A painter is great rarely, but occurs in small, adequate attic-like spaces, empty squares upon squares, readied for the taking of language. Art might be the purveyor of its own bright useless entity, bright ripened similes squeezed out of the Dutch into the Latin vernacular our father failed to remember while poking him at midnight to rile him up to bed.

It was a mistake, the one my Godfather made when he started studying French with himself. No ranking professor can rank himself into his own pedagogy. Language might have lost its roots, maybe it even lost its qualities of being official.

"This is the office of the president."
"The President of the United States?"
"No, the president of the DISH Network."

This is for me, not any president I serve. You could have learnedly observed the words my father would spell to me, each individual vowel and consonant given their own power. However, not my mother or sister could undertake with adequate prowess the tenant of speaking as such, and their tongues suffered as their palates poorly undertook their flustered attempts to enter our philocalist resolve for Caesarian language.

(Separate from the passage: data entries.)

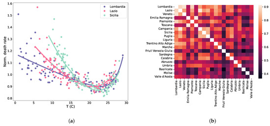 (a) Normalised death rates for three regions as a function of the temperature. The continuous lines are the results of a fit (see Equations (1) and (3)). (b) Pairwise between-region correlations for the time series of the deaths when the fitted effect of the temperature is subtracted from the raw numbers. Correlations drastically decrease (colour scale as in Figure 1b) but remain large.
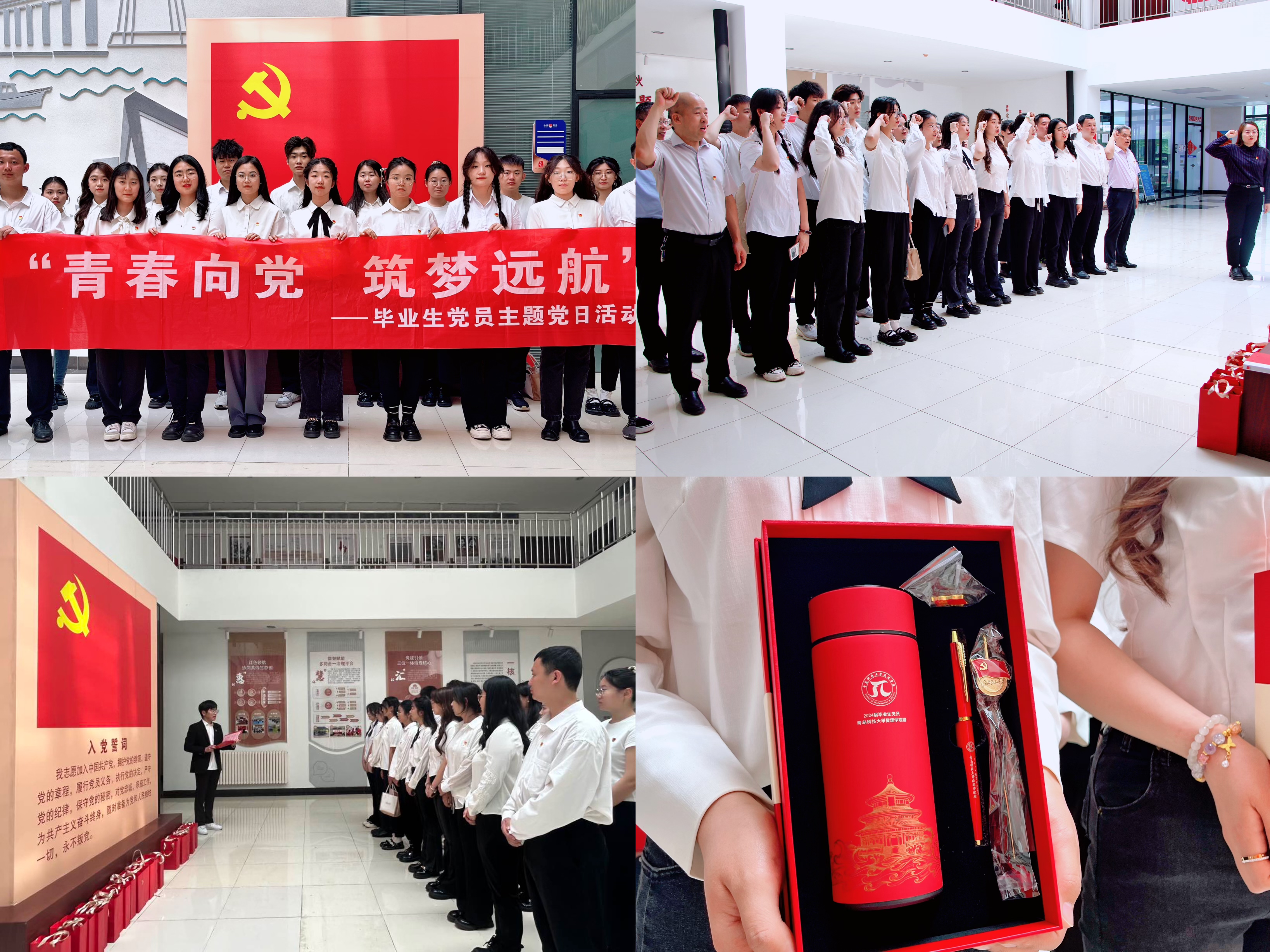 为每一位毕业生定制π系文化衫,八个主题蓄满青春能量;打造打卡景点“青春π向未来”网红墙,用创意为青春送行;定制水杯、崭新党徽,给毕业生党员送上“信仰大礼包”;举办专题交流会、开设朋π小讲堂,毕业生为学弟学妹送经验、送心得;毕业生录制对母校的深情告白与温暖祝福,生成二维码制作彩色喷绘、水晶座台,让“感恩母校”变得有声有色。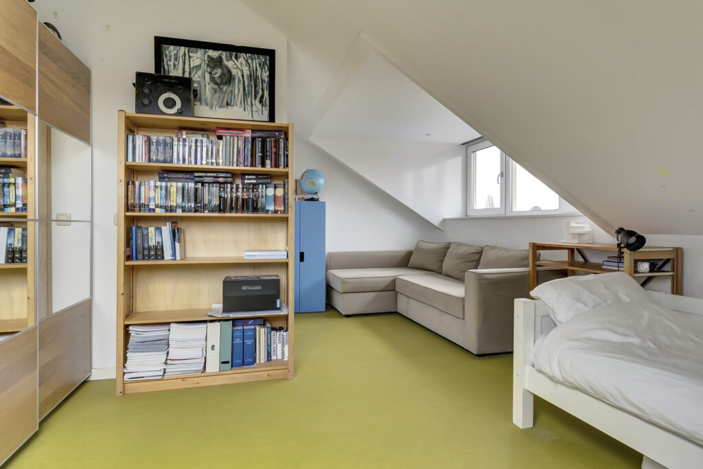 De overloop, met een groot dakraam, vervult tevens de functie van wasruimte en er staat een bureau. Aan ruimte geen gebrek! Dit geldt ook voor de aansluitende slaapkamer, met een dakkapel en een dakraam. Ruimte, licht en sfeer zijn ook hier volop aanwezig!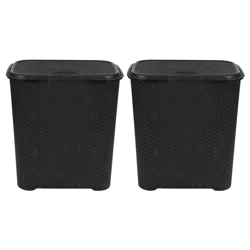 2 x Large Plastic Laundry Basket & Lid 65L Washing Clothes Storage Hamper BLACK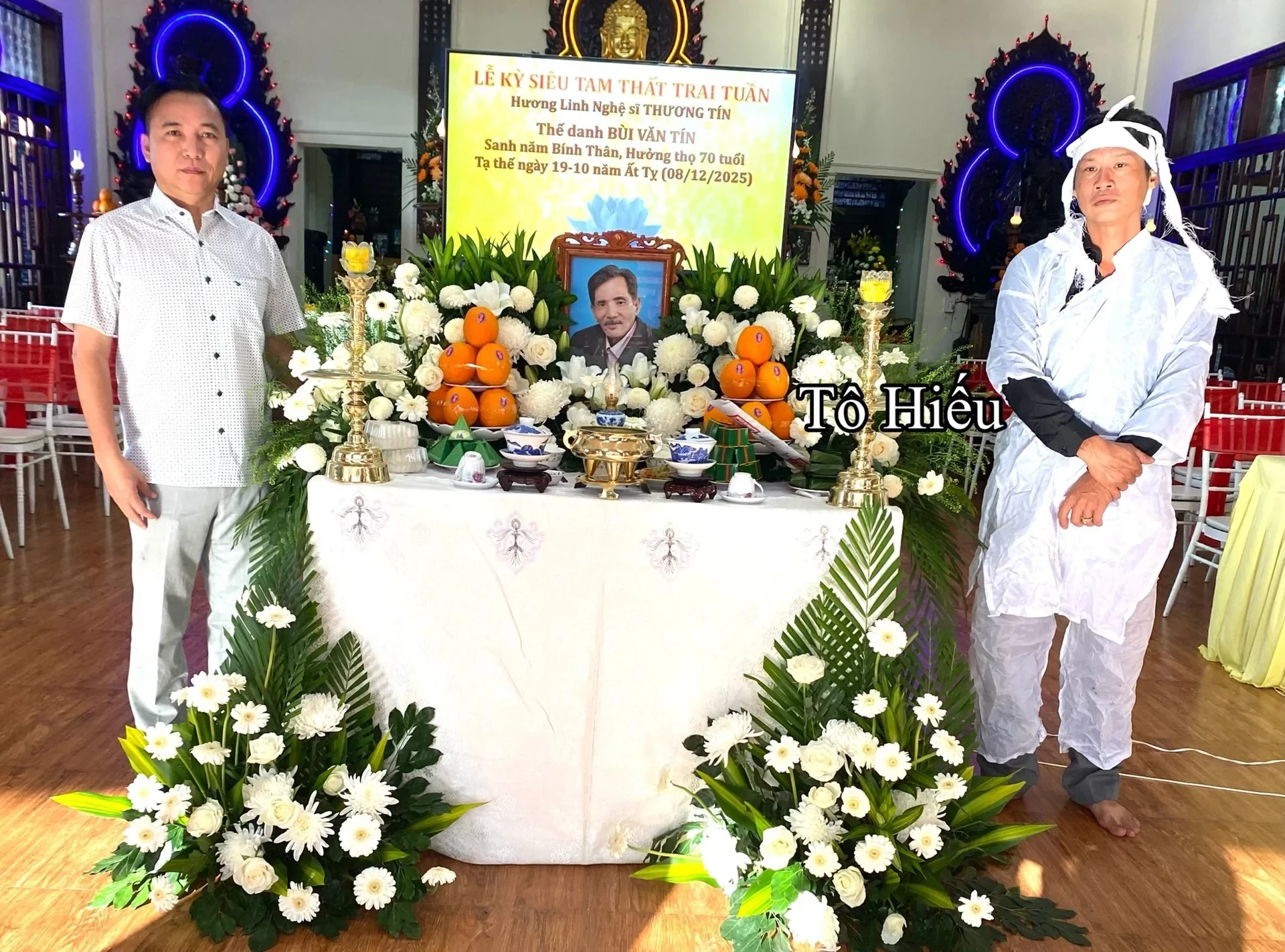 Lễ cúng tam thất của Thương Tín diễn ra trong không khí trang nghiêm, ấm cúng. Về phía gia đình cố nghệ sĩ có con trai - Thanh Tùng và con gái - Thạch Thảo. MC Quyền Linh đã thăm hỏi em trai và con trai của cố nghệ sĩ, dành những cái ôm động viên gia đình trước nỗi mất mát lớn.
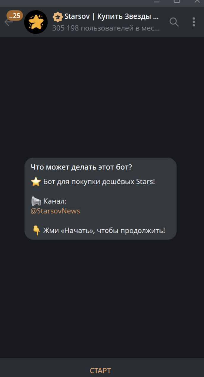 StarsovBot предлагает не только хорошие условия по курсу, но и систему бонусов для постоянных клиентов. Он также поддерживает покупку звезд Telegram за TON. Четкий интерфейс и оперативная поддержка делают работу с ним комфортной и безопасной.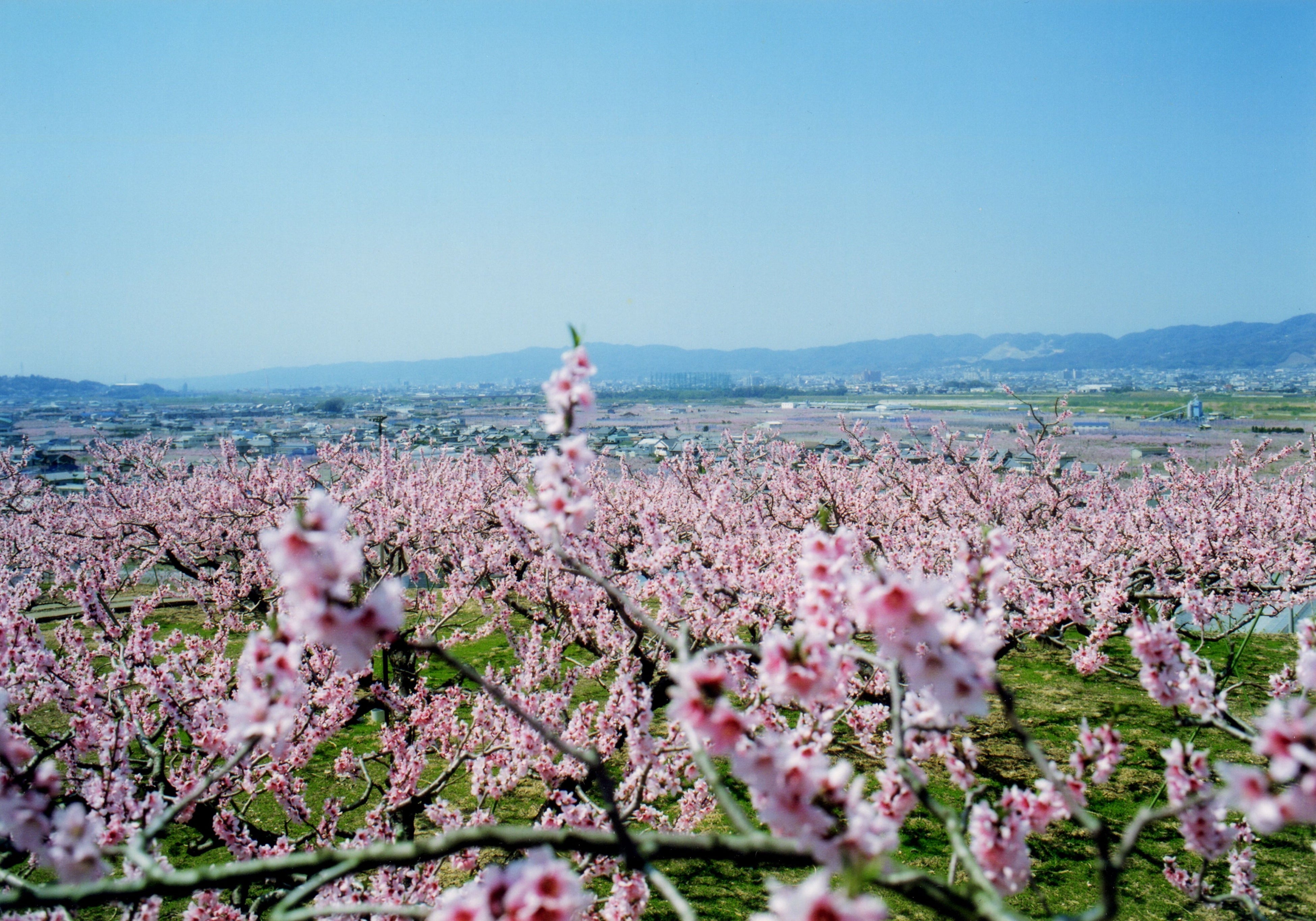 紀の川市はりんくうプレミアム・アウトレットのある大阪府泉佐野市と隣接しており、車で約40分ほどの距離に位置します。大阪府と和歌山県の県境という立地で利便性に富み、清流・紀の川がもたらす豊かな恵みと美しい自然により、全国生産量日本一の八朔(はっさく)をはじめ、キウイフルーツ、いちごなど四季折々の果物が収穫できる全国でも有数のフルーツ王国です。特に、「桃源郷」で栽培される「あら川」の桃はブランド桃として全国でもその名を知られています。

Sadly now, as I think of reading. I think of your fingers and what you must certainly claim to be such grandiose proficiency, your digits and dactyls bring a melancholy hoop of unpleasantries to my eyes. Your mistake has been writing as you speak, and speaking as the free-style spoken-word "artists" attempt to do, in a horrifically insufficient and inarticulate way. I know your mistake when I open myself to read the Associated Press, listen to what Capitol Hill has to say, even coming down from the end of the bar it is a sick knot of undoing that I so wish any children we have will never be privy to.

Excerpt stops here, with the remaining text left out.